- _Task brief_
With the string "about" as the filter, copy each matching line from the records.

Segment Start: Records for processing

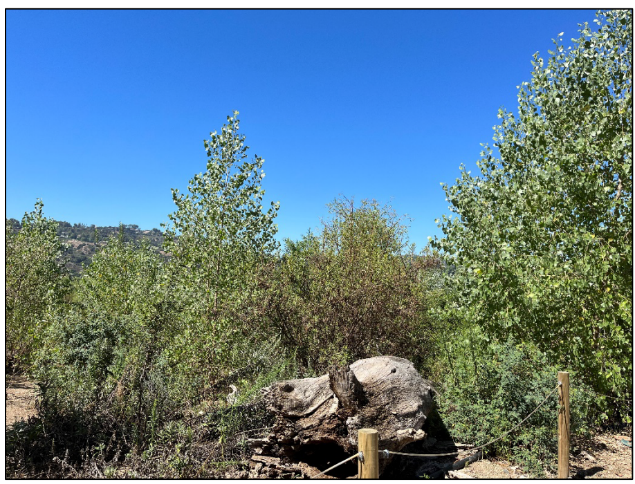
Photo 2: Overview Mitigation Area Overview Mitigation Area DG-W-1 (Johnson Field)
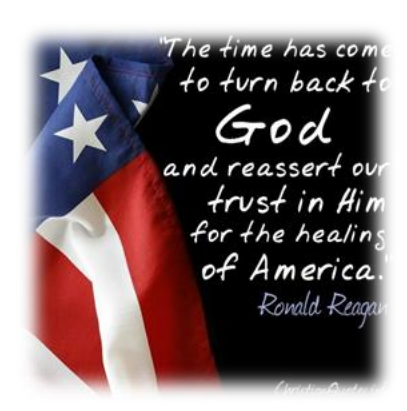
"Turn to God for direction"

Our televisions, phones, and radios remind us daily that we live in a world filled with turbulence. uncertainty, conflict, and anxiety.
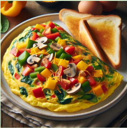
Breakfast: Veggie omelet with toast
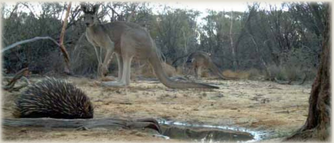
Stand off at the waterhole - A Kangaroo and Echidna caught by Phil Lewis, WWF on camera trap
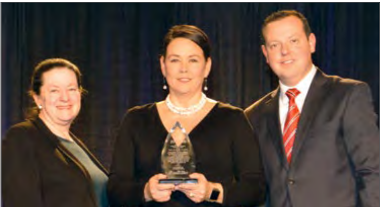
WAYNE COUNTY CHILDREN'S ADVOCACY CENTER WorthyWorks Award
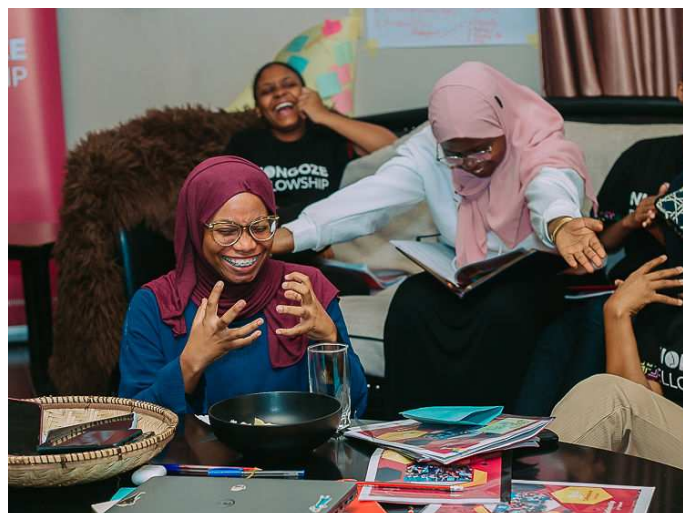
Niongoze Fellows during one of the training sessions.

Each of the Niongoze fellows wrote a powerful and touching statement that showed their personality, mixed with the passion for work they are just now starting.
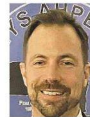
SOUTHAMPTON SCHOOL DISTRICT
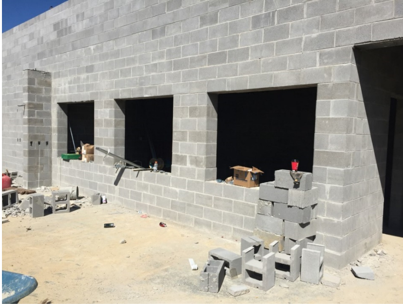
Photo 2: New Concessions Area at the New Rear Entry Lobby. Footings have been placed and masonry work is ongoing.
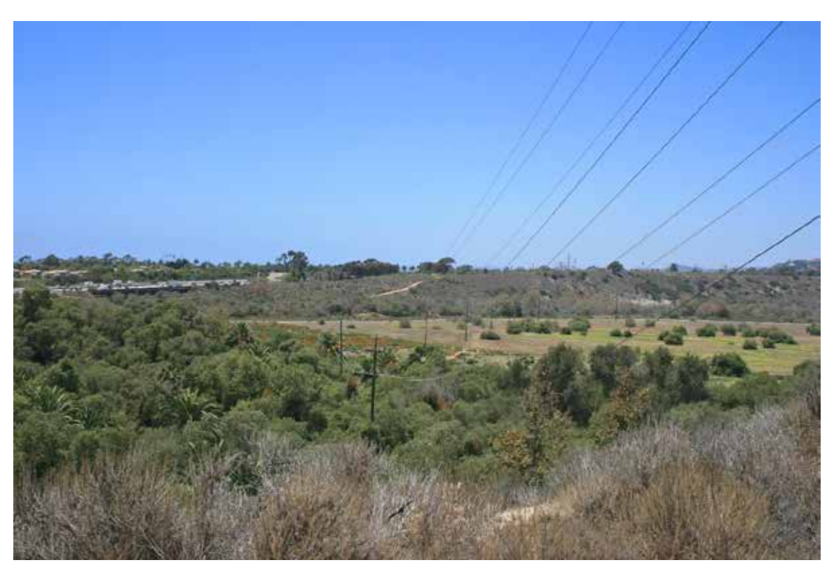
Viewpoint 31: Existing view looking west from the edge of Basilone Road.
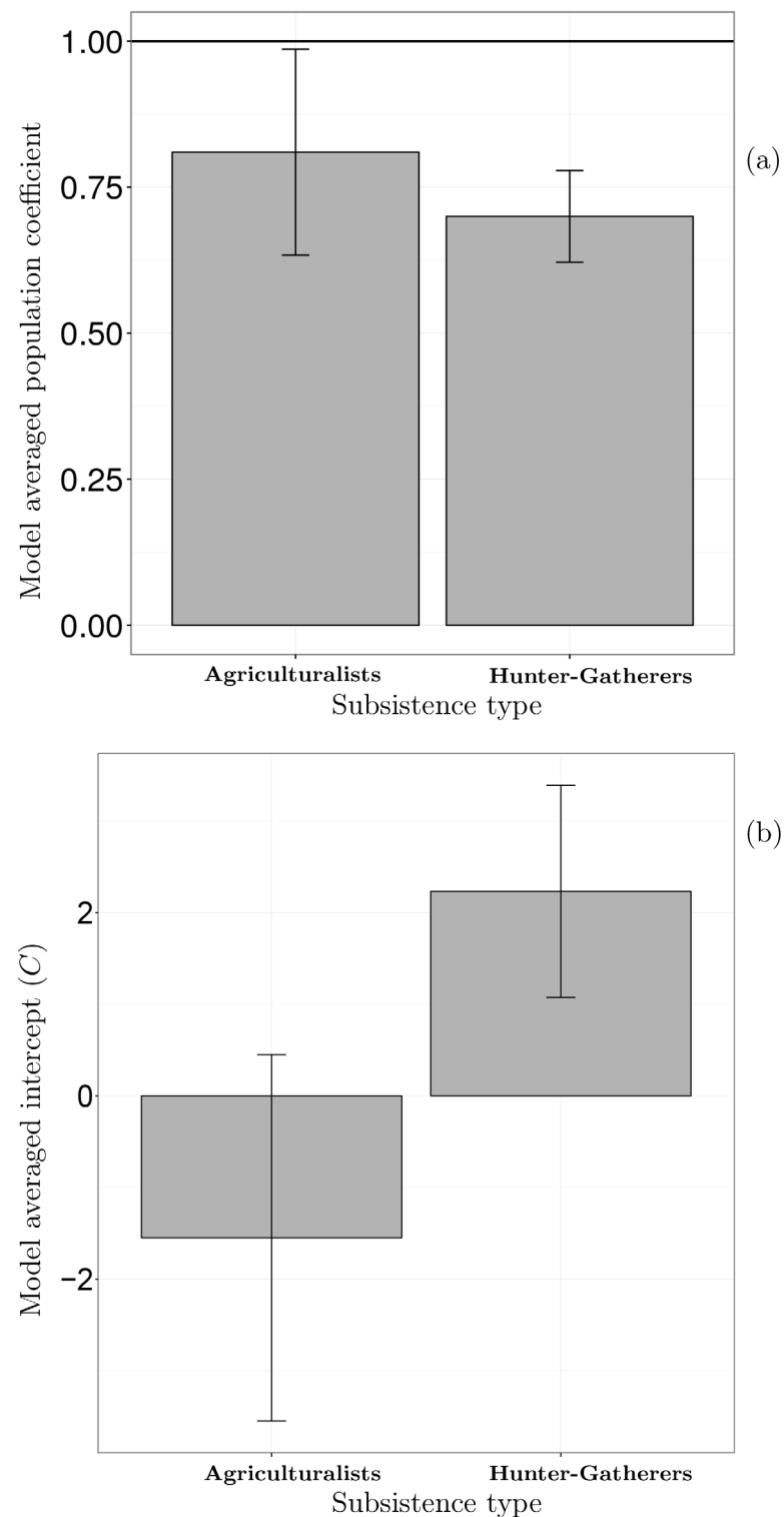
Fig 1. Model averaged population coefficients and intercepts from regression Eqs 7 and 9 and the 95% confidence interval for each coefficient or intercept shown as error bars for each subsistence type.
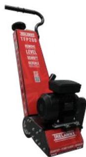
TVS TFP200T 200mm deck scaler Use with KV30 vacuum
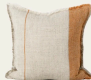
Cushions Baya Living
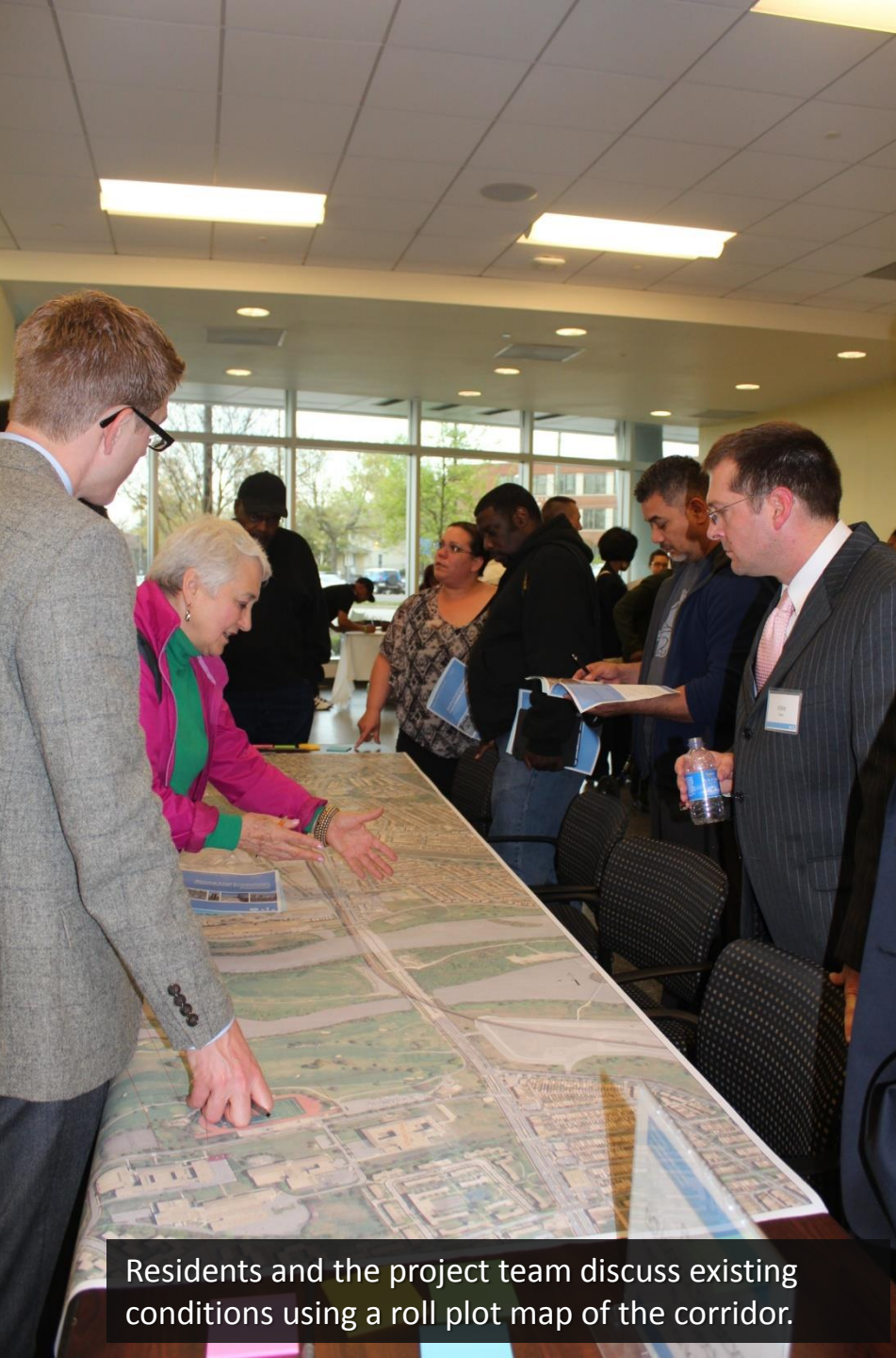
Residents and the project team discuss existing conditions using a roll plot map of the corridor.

Segment End: Records for processing
Segment Start: Records for processing

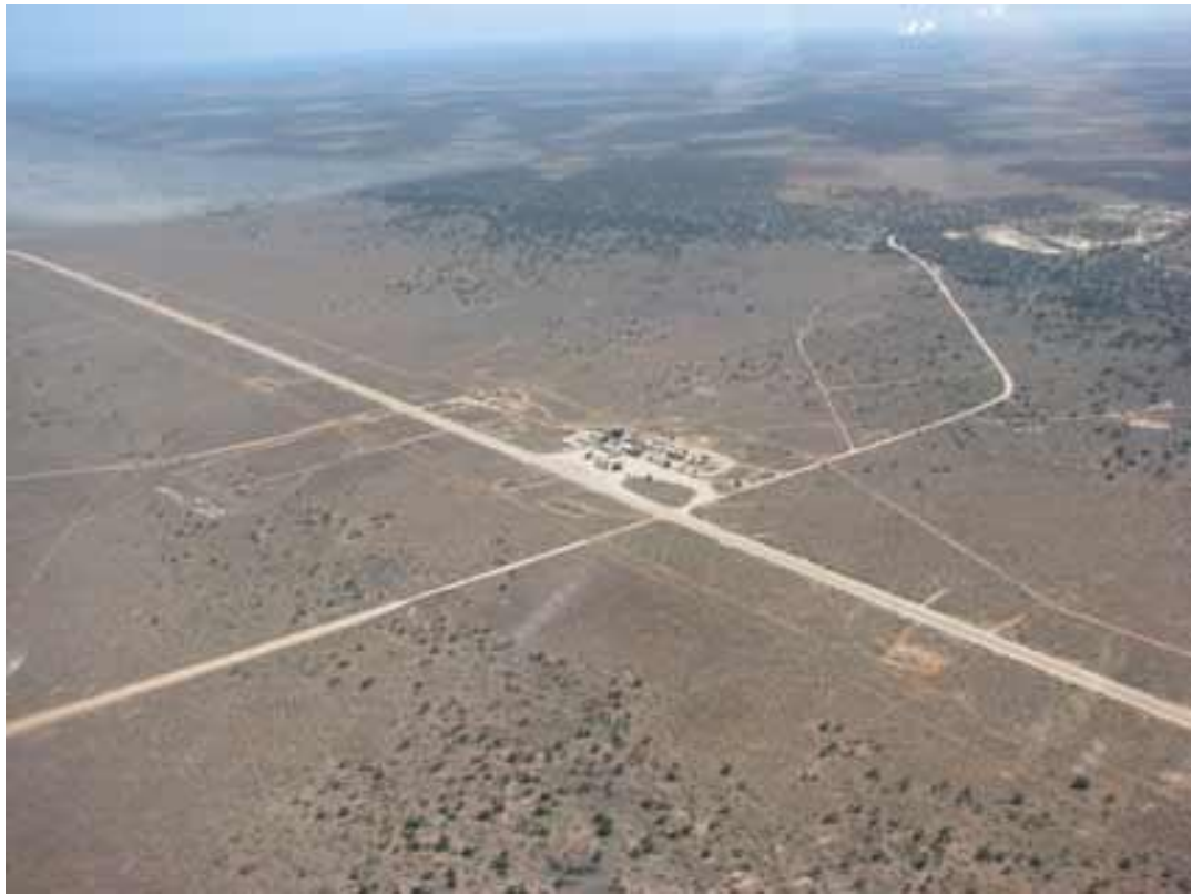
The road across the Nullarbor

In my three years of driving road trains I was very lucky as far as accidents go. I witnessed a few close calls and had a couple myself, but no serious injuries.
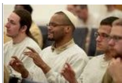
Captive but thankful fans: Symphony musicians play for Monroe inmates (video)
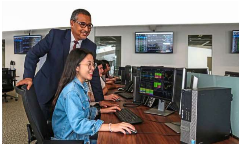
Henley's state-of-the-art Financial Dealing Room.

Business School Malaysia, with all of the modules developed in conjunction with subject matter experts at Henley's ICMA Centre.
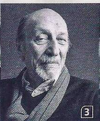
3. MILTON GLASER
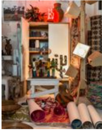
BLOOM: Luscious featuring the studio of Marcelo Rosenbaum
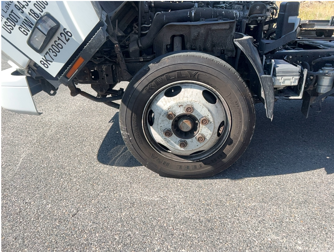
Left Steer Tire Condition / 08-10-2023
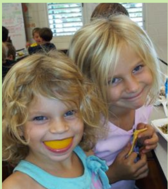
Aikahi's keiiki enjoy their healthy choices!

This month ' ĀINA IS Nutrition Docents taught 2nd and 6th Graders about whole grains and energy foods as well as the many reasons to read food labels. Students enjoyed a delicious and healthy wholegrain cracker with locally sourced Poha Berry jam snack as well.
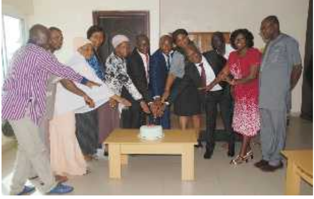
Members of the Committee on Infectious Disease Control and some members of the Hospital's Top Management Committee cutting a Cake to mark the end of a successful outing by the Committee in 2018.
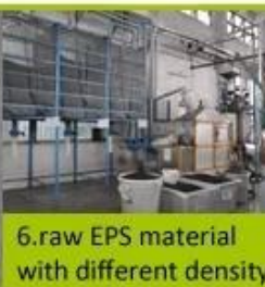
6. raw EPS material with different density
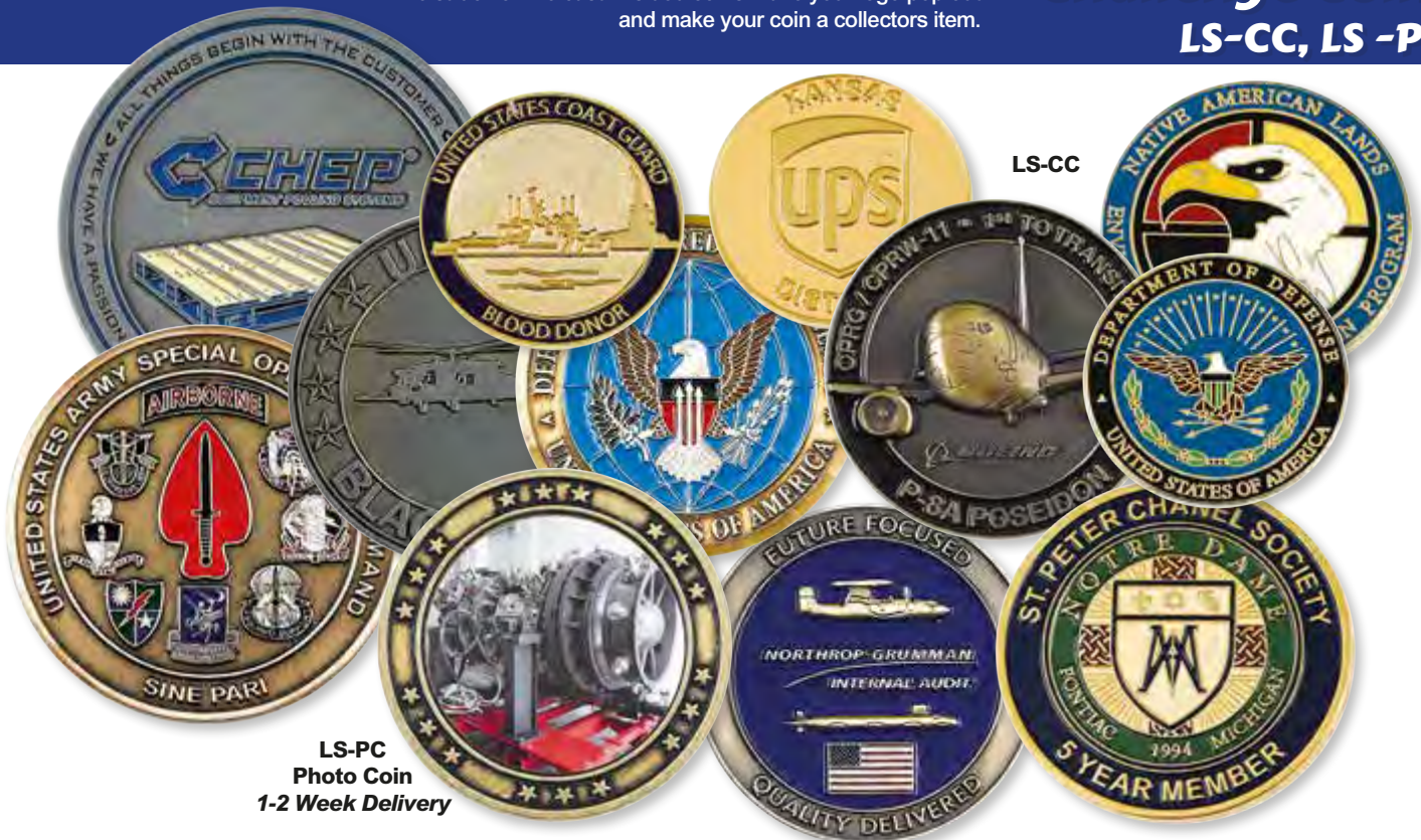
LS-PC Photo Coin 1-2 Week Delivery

Segment End: Records for processing
Segment Start: Records for processing

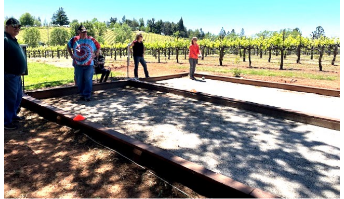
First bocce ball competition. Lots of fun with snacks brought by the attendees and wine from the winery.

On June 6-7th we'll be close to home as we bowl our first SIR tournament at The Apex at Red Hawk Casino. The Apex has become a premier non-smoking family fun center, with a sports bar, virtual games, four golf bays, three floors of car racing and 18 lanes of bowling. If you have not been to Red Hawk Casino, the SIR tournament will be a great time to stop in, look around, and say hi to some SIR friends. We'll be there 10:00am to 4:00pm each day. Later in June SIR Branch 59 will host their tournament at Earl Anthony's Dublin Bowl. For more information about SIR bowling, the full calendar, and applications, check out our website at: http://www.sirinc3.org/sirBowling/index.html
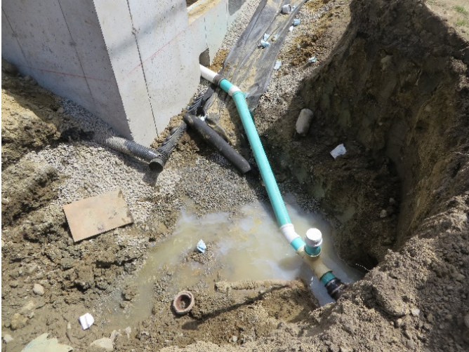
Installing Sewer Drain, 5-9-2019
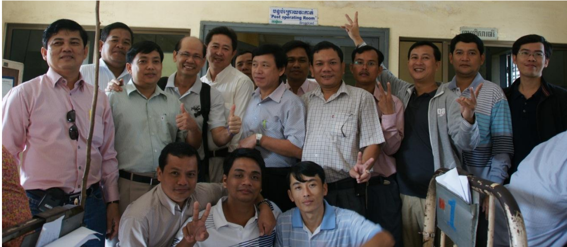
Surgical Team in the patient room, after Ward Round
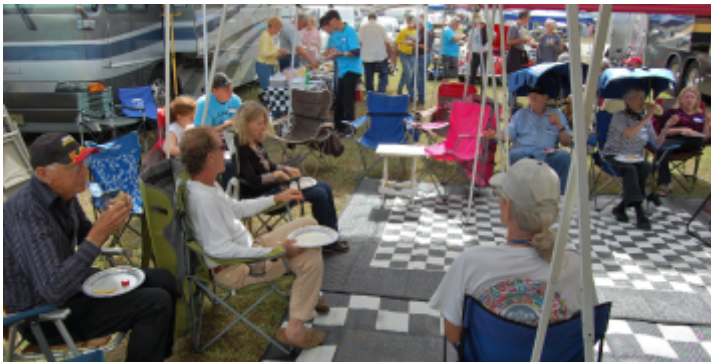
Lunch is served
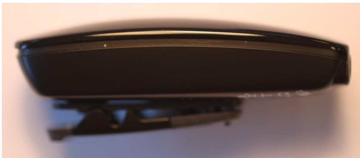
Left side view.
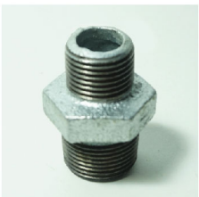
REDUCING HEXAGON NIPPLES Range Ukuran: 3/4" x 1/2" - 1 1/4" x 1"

Segment End: Records for processing

- _Answer for this exercise_
This month ' ĀINA IS Nutrition Docents taught 2nd and 6th Graders about whole grains and energy foods as well as the many reasons to read food labels. Students enjoyed a delicious and healthy wholegrain cracker with locally sourced Poha Berry jam snack as well.
On June 6-7th we'll be close to home as we bowl our first SIR tournament at The Apex at Red Hawk Casino. The Apex has become a premier non-smoking family fun center, with a sports bar, virtual games, four golf bays, three floors of car racing and 18 lanes of bowling. If you have not been to Red Hawk Casino, the SIR tournament will be a great time to stop in, look around, and say hi to some SIR friends. We'll be there 10:00am to 4:00pm each day. Later in June SIR Branch 59 will host their tournament at Earl Anthony's Dublin Bowl. For more information about SIR bowling, the full calendar, and applications, check out our website at: http://www.sirinc3.org/sirBowling/index.html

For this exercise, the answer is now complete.